- _SUPPLIED INFORMATION_:
*** Begin section ***

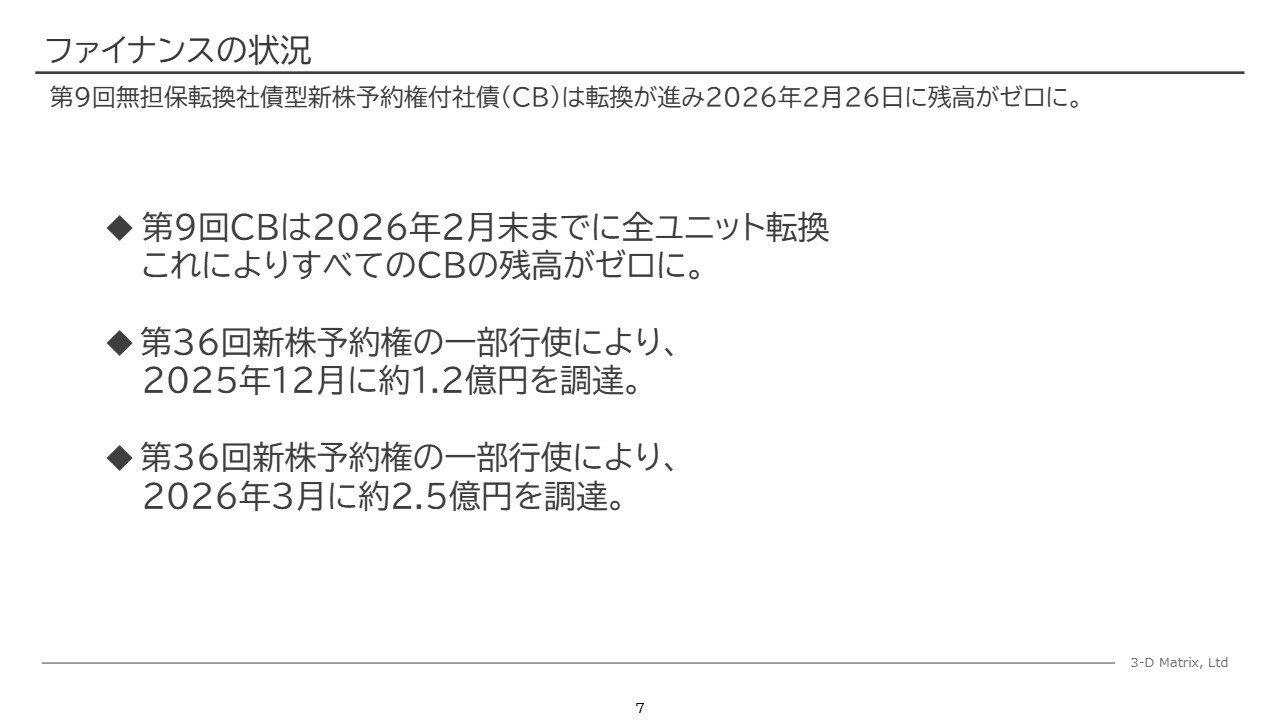 ファイナンスの状況です。第9回CBは今年2月末までに全ユニットが転換され、これによりCBの残高および固定負債がゼロとなりました。
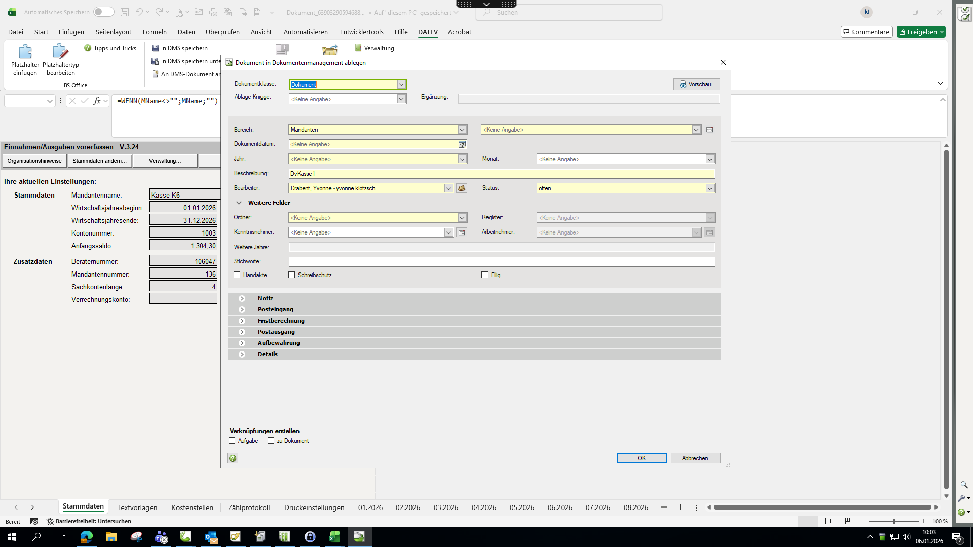 Weitere Stammdaten erfassen - falls nicht erledigt.
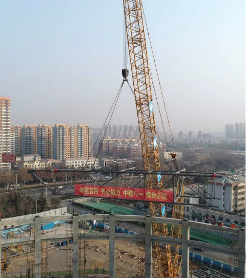 公司承建萬達冰籃球館項目順利完成新年“第一吊”

*** End section ***

- _WORK INSTRUCTIONS_: Whenever a line holds a picture, print that line without the picture. All other data must be output exactly.

- _OUTPUT FOR THIS TASK_:
 ファイナンスの状況です。第9回CBは今年2月末までに全ユニットが転換され、これによりCBの残高および固定負債がゼロとなりました。
 Weitere Stammdaten erfassen - falls nicht erledigt.
 公司承建萬達冰籃球館項目順利完成新年“第一吊”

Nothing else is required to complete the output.